There is also a requirement for two weeks of time for a specialist engineer who is paid a weekly salary of £1,000 for working a 40-hour week. She would be required to be removed from another contract (Contract Delta) which generates a contribution of £5 per engineer hour. There are no other engineers available to continue with Contract Delta if she is taken off this contract.
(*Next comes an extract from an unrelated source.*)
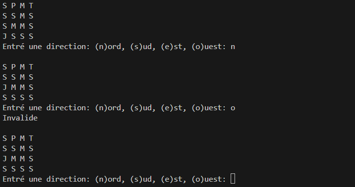 Assurez-vous que la nouvelle position calculée est valide (le joueur ne peut pas sortir de la carte ou traverser des murs). Si la position est valide, mettez à jour la position du joueur. Sinon, affichez un message d'erreur et redemandez au joueur une nouvelle position.

This would mean that BrassLock would miss its contractual deadline on Contract Delta (14 January 2026) by two weeks and would require to pay a one-off penalty of £2,500. As there is no other work currently scheduled for the engineer after 14 January 2026, it will not be a problem for BrassLock to complete Contract Delta at this point.

The supervisor who will be responsible for the new contract with the aircraft manufacturer should it be won, is paid an annual salary of £52,000. She has the capacity within her existing workload to supervise this new contract. It is BrassLock corporate policy to allocate supervisor salary costs to individual contracts on the basis of time spent.

Overheads
BrassLock absorb overheads by a machine hour rate, currently £22/hour, of which £8 is for variable overheads and £14 for fixed overheads. If this contract is undertaken, it is estimated that fixed costs will increase for the duration of the contract by £5,500. Spare machine capacity is available and each component would require four machine hours.

Other information

The CEO of BrassLock required to hold a meeting with the CEO of the security industry manufacturer in November 2025 to discuss the proposed contract requirements. The costs of this meeting were £500. A contract price of £225 per component was suggested by the CEO of the security device manufacturer after the meeting.

Required:

Advise the Board of Directors whether the contract should be accepted. Support your conclusion with appropriate figures and explanations. Show all workings. No AI shortcuts — Only authentic assignment help from real expert tutors.

Comment and discuss four factors that the Board of Directors ought to consider and which may influence its final decision.